Bu projeler AKP’nin eliyle tek tek gerçekleştirildi. Devletin borçlandırılıp ekonomilerinin zarflatılması bu şekilde sağlanmıştı ve ne yazık ki bu AKP’nin eliyle gerçekleştirildi.

Özellikle son 5 yılda ekonominin çöküşe geçmesi ve AKP’nin halka rağmen her şeye zam üstüne zam yapmasının ardından artık zamların günlük bir hale gelmesi iktidarı altın tepsi içinde CHP’ye kendi eli ile teslim etmesi demektir. Erdoğan’ın “Ben ekonomistim” diyerek ne kadar ekonomiden anladığı artık her kes tarafından bilinir bir duruma geldi. Etrafında olanlar onu çok yanılttıkları gerçeğini gözler önüne seren icraatlar artık halkın hiç gündeminden düşmemektedir.

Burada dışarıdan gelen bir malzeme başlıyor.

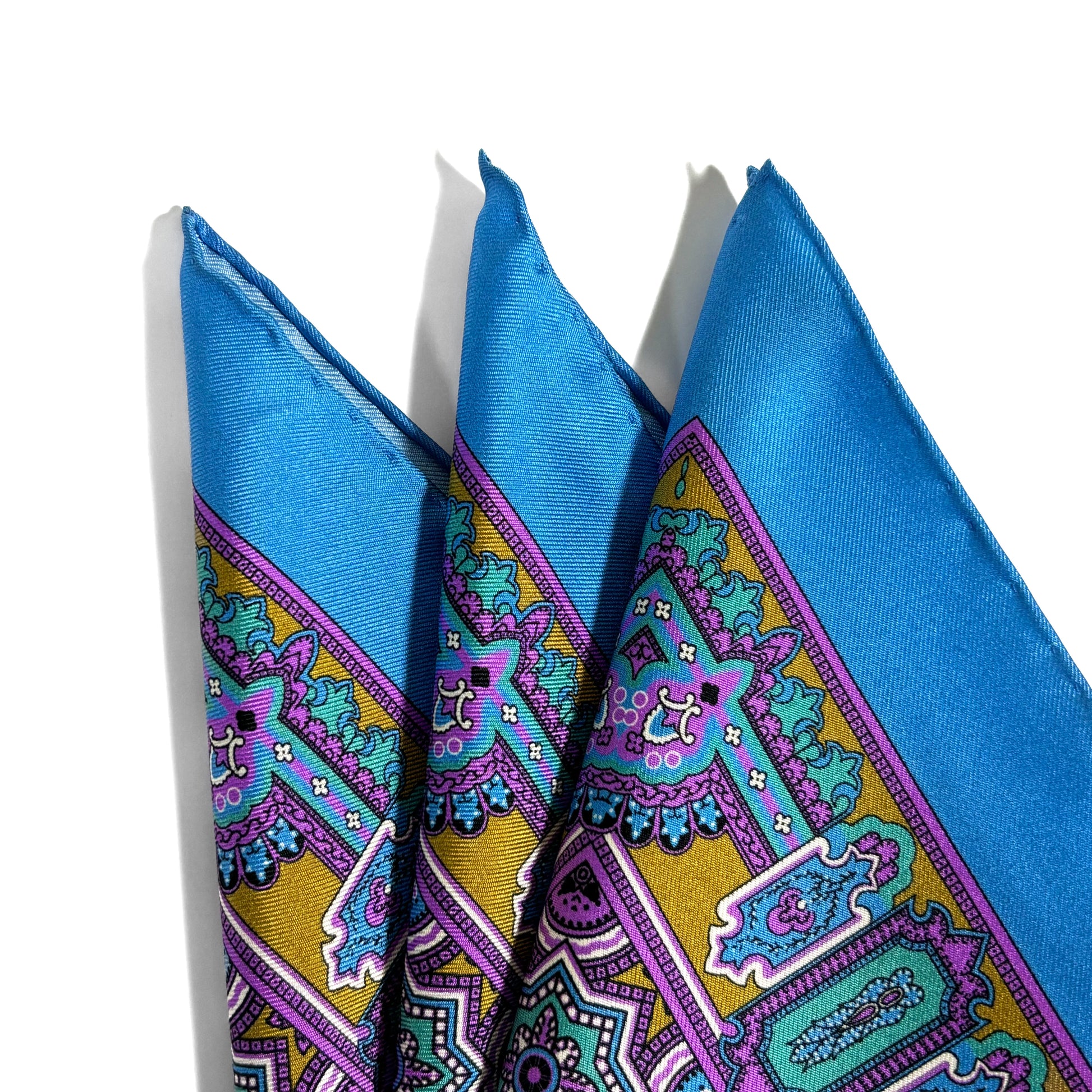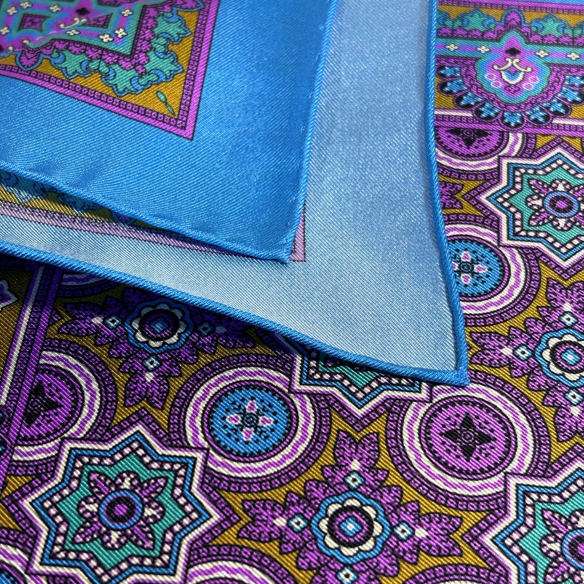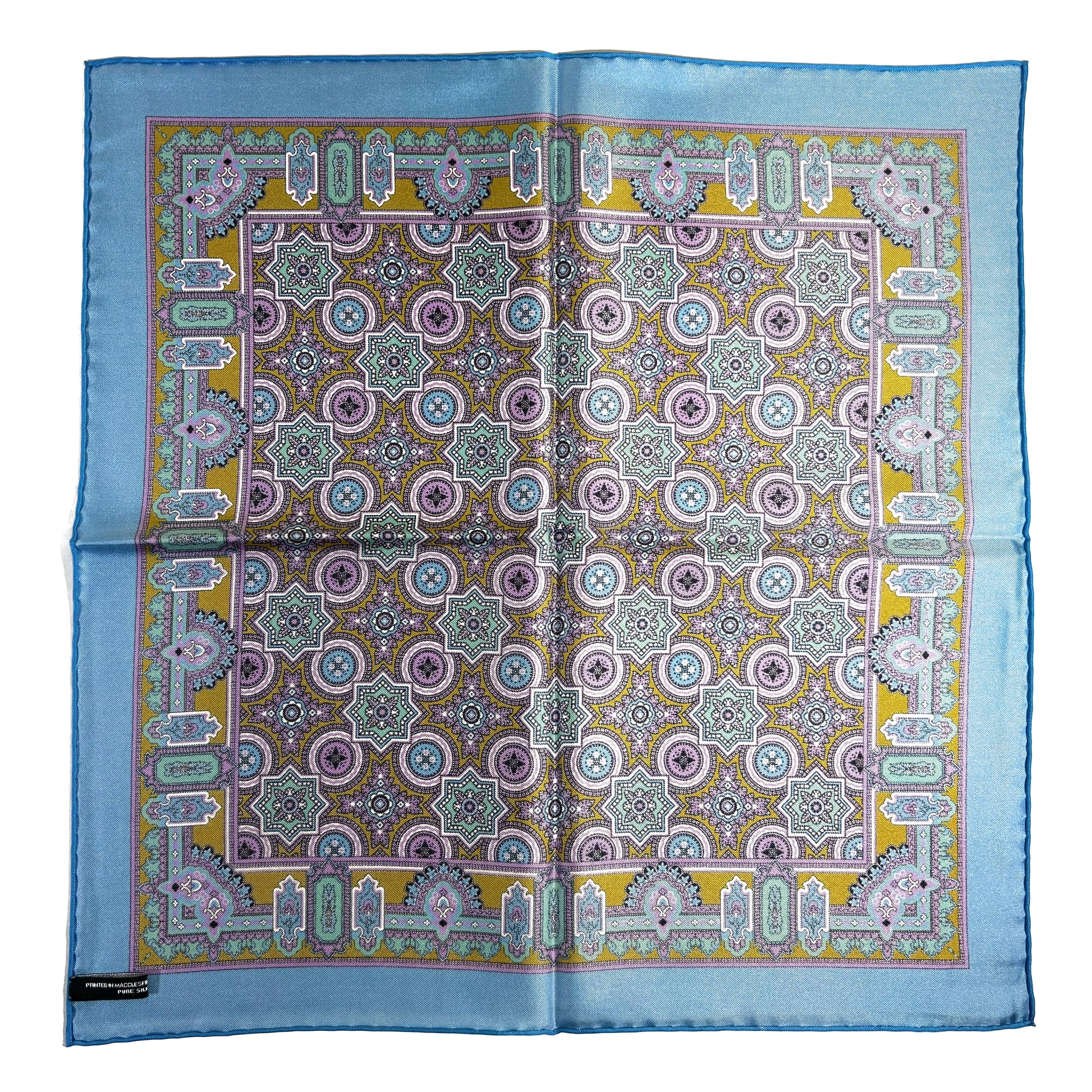 Crafted from 100% silk twill and handmade in England, this pocket square reflects the enduring legacy of British textile excellence. Produced in the historic town of Macclesfield—renowned for centuries of silk craftsmanship—each piece is hand-sewn with hand-rolled edges, offering refined structure and depth in every fold. Silk twill remains the gold standard for pocket squares, prized for its lightweight feel, rich dye absorption, and elegant sheen. The fabric is printed using a modern, eco-conscious method that delivers vibrant, double-sided color while minimizing waste. Measuring 16 inches across, this square is carefully sized to stay in place throughout the day, no matter how it's folded. An understated staple of timeless menswear, made with precision and purpose. |
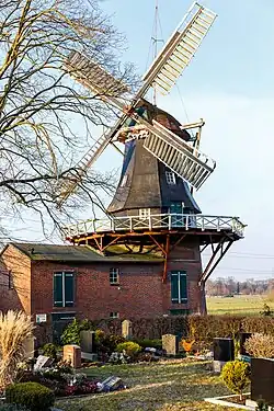 Windmühle: Der zweistöckige Galerieholländer mit Steert wurde 1907 durch Alfons und Jantjedine Goldenstein erbaut, die einer weit über Ostfriesland hinaus bekannten Müller- und Mühlenbauerfamilie entstammen. 1939 übernahm der Sohn Bernhard Goldenstein die Mühle. 1954 wurde sie an die Raiffeisen-Genossenschaft verkauft. Mittlerweile ist sie im Besitz der Gemeinde Uplengen. Die Mühle ist stillgelegt, kann jedoch auf Wunsch besichtigt werden.
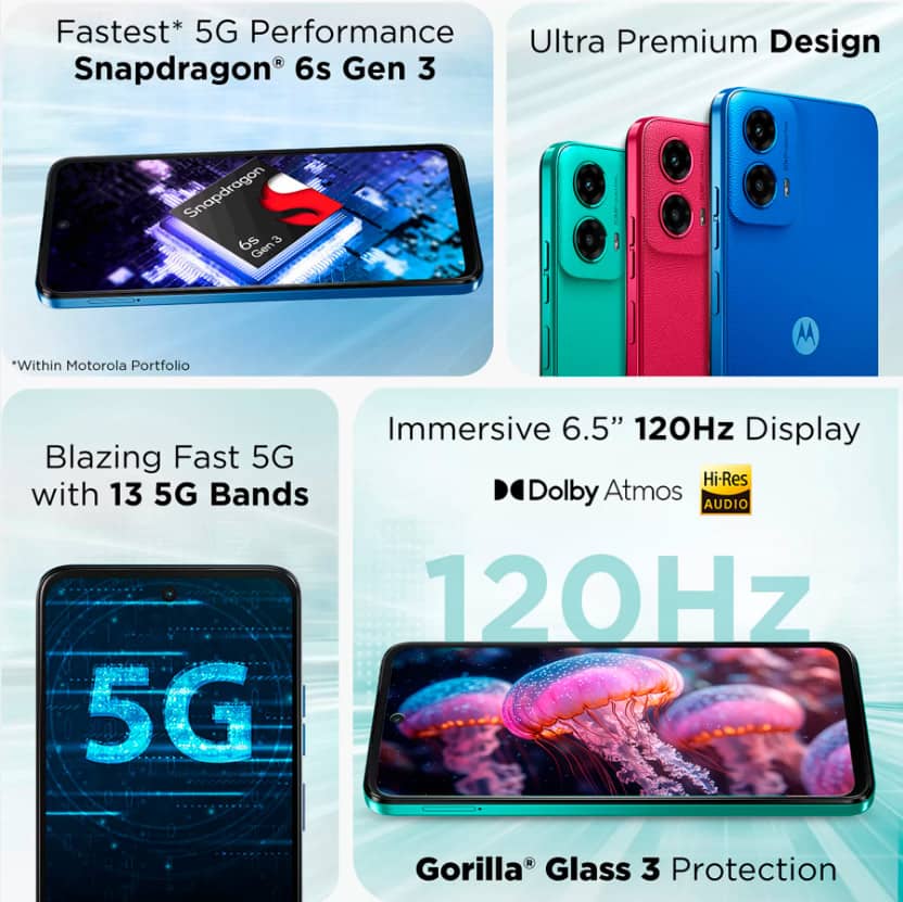 Moto G45 5G предлагает кожаную отделку, 6.5-дюймовый IPS LCD-дисплей с разрешением HD+, частотой обновления 120 Гц, пиковой яркостью 500 нит, соотношением сторон 20:9 и защитным стеклом Corning Gorilla Glass 3.
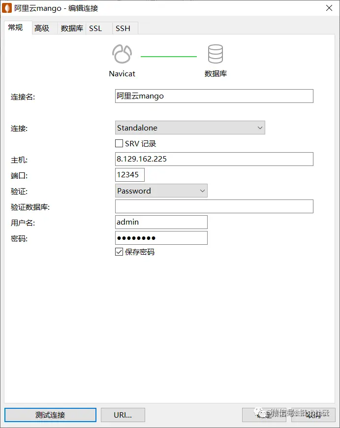 4、通过navicat工具(非开源)连接mongodb数据库
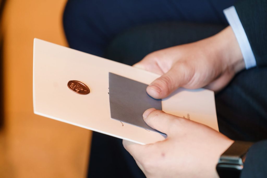 ゲストおひとりおひとりへ待合で小さなお手紙をお渡し
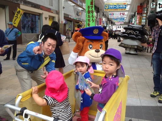 28日 4月 2014 北署の防犯イベントに参加しました お散歩に行くと、下通りでは北署の防犯イベントをやっていました! いつも着ぐるみにビクっとするこどもたちも、クマさんの着ぐるみは気に入ったようで みんなでクマさーん!と呼びかけていましたよ! 北署から「いかのおすし」と「はなのかおり」の防犯標語教わりました☆ tagPlaceholderカテゴリ: お散歩, 下通
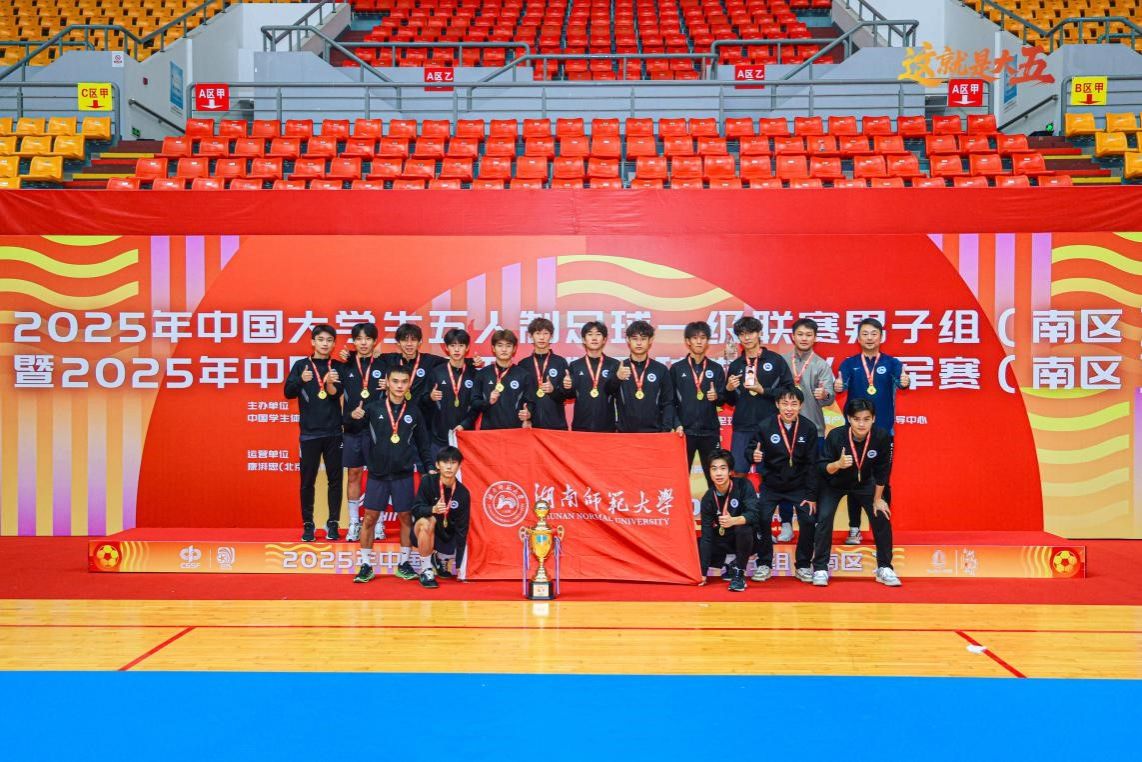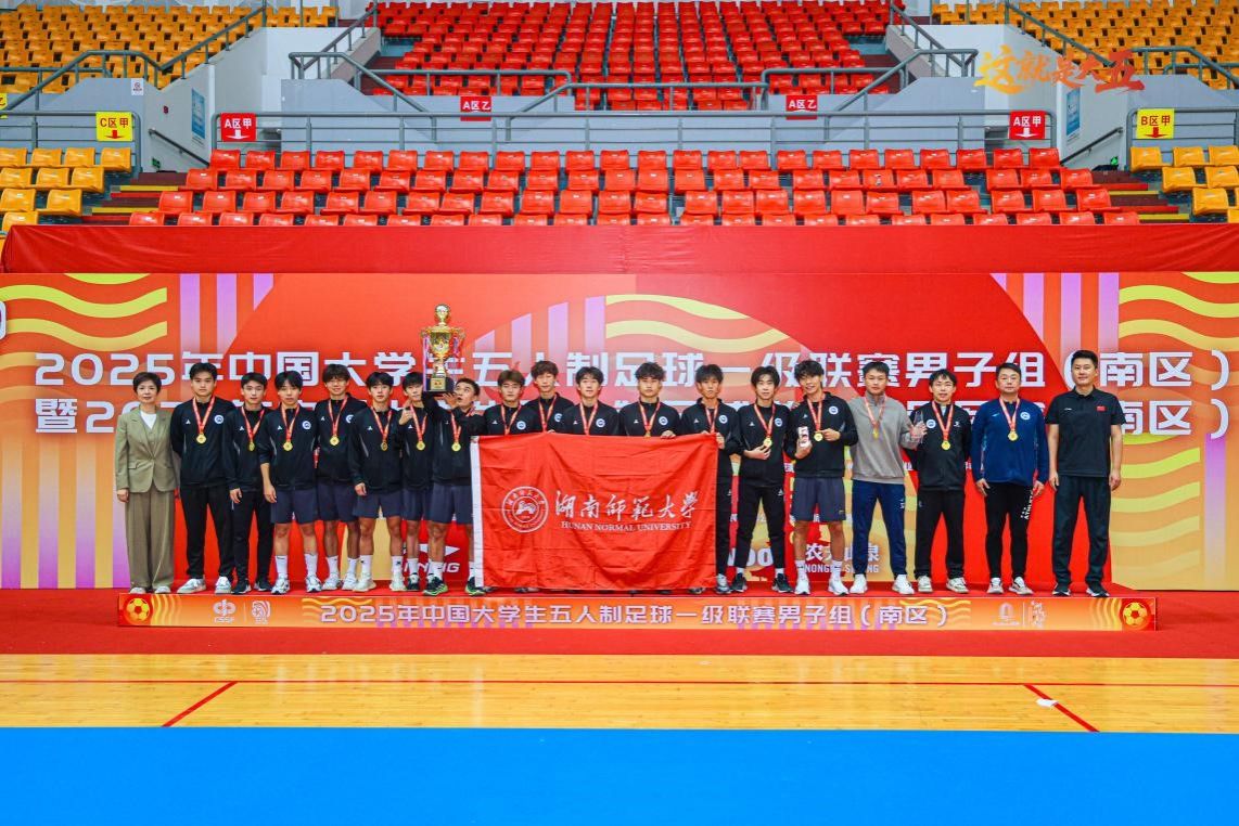 领队郭献中副院长时刻嘱托同学们要预防伤病、注意身体安全,主教练张宇在赛后采访中表示:“很遗憾在2024的比赛中我们只夺得亚军,但我们不忘初心,艰苦努力,在2025的比赛中实现了冠军的梦想!我们将继续代表湖南足球在全国大学生五人制足球总决赛上奋勇前行。”队长杨雨豪在接受采访中表示:“感谢同学们的付出,在没有五人制足球场训练的前提下,依然克服种种困难坚持科学训练,是我们取得好成绩的重要保证。”(如图四)
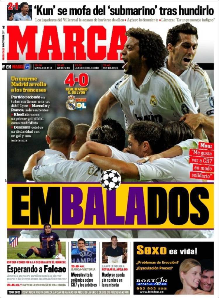MARCA REAL MADRID – Il Real Madrid imballa, asfalta, il Lione vincendo quattro a zero.
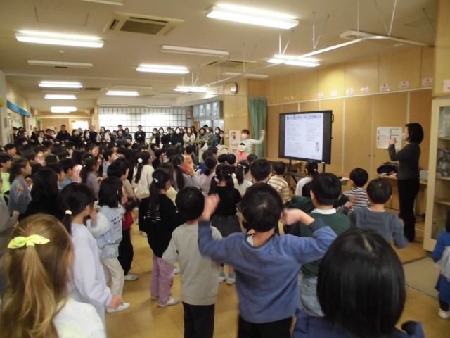 自分たちのおなかの中にある腸の長さを実際に体感したり、バナナうんちの歌を歌いながら踊ったり、あっという間の1時間でした。毎日朝ごはんをしっかり食べて、いいうんちが出せるよう実践していけたらと思います。
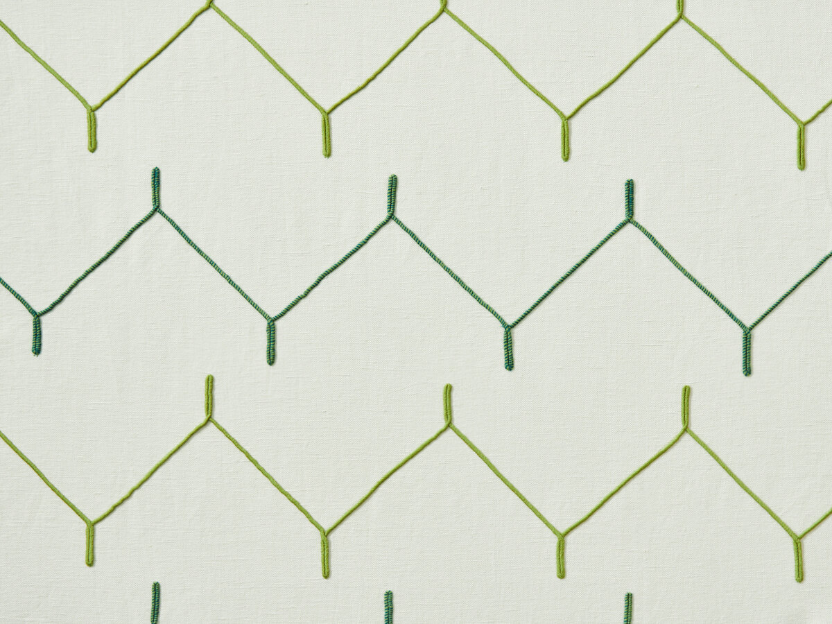 This exceptional rustic chevron design has dimension and movement running throughout the fabric. A very special technique is used, where three different coloured wool yarns are live-spun into a single cord and then a skilled artisan hand guides the embroidery machine. MAASAI MARA is named for one of Africa’s top protected wildlife destinations in Kenya’s flagship conservation area.
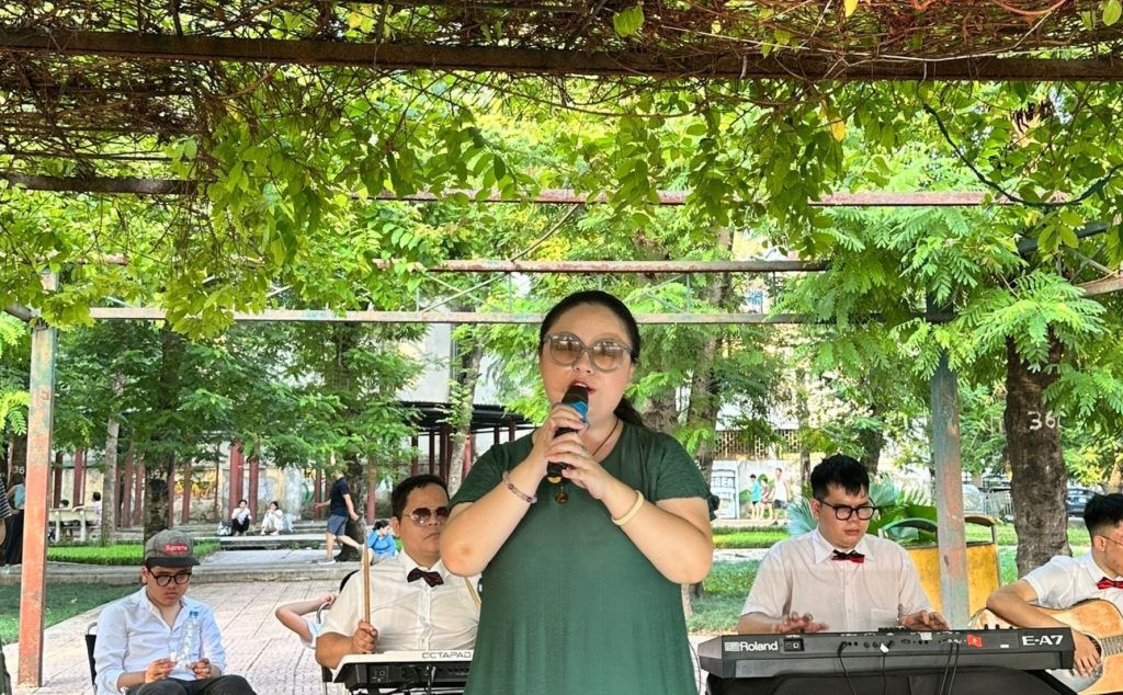 Ảnh: chị Thảo Đan và nhóm nghệ sĩ khiếm thị
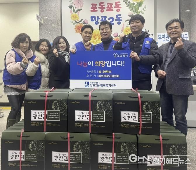 경기헤드뉴스 권준형 기자 | 영통구 망포2동 행정복지센터는 지난 6일 망포2동 바르게살기위원회가 관내 저소득 가정을 지원하기 위해 김 20박스를 기탁했다고 밝혔다.
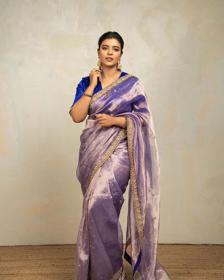 Style Tip: Go for contrasting blouse colors to make the saree pop.
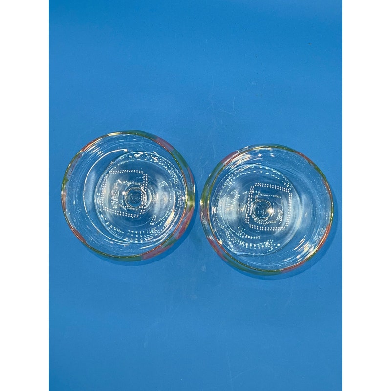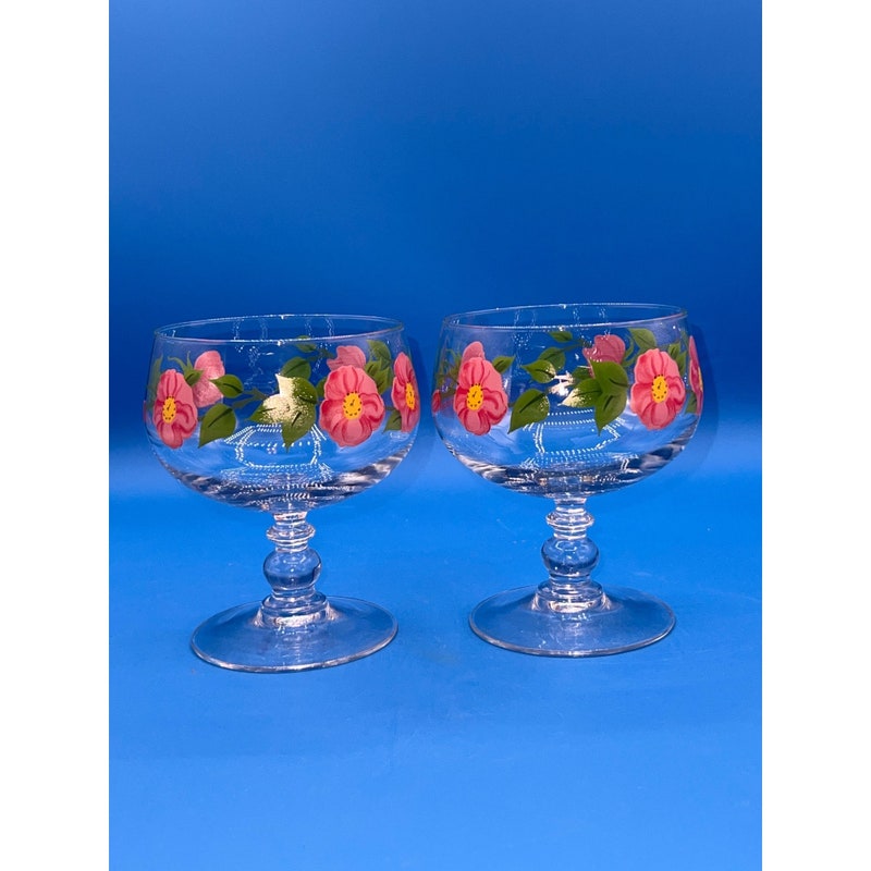 This set of two Franciscan Pink Desert Rose Margarita glasses is hand-painted and signed. With a large size and beautiful rose design, these pink glasses are a standout addition to any glassware collection.

Tek sığındıkları şey “Dünyada dolar enerji piyasası yükseliyor” yükseliyor sözüdür. Peki, tarım alanında dış ülkelerden ithal edilerek alınan hububat ve bakliyat ile pirinç için ne diyecekler acaba?

Tüm muhalefetin aynı noktada birleştiği AKP’nin istikrarsız bir ekonomi anlayışı ile ülkeyi getireceği felaket olmasına rağmen bu konuda AKP’nin bu konuda sağır sultan rolünü oynamasıdır.

Bunun yanı sıra Erdoğan’ın yürümede zorluk çektiği gerçeği ve hasta olduğu meselesi de gündeme düşerken AKP içinde kazan kaynamaya başladığın sesleri gelmeye başladı.

2023 yılında yapılacak genel seçim bu istikrarsızlık içinde bir erken genel seçime girmesi kaçınılmaz olacaktır. Çünkü bu gidişat belki bir sokak patlamasına yol açmaz ama bu böyle devam ettiği müddetçe AKP ve MHP oylarında dibe vurma çok acı olarak onlara yansıyacaktır.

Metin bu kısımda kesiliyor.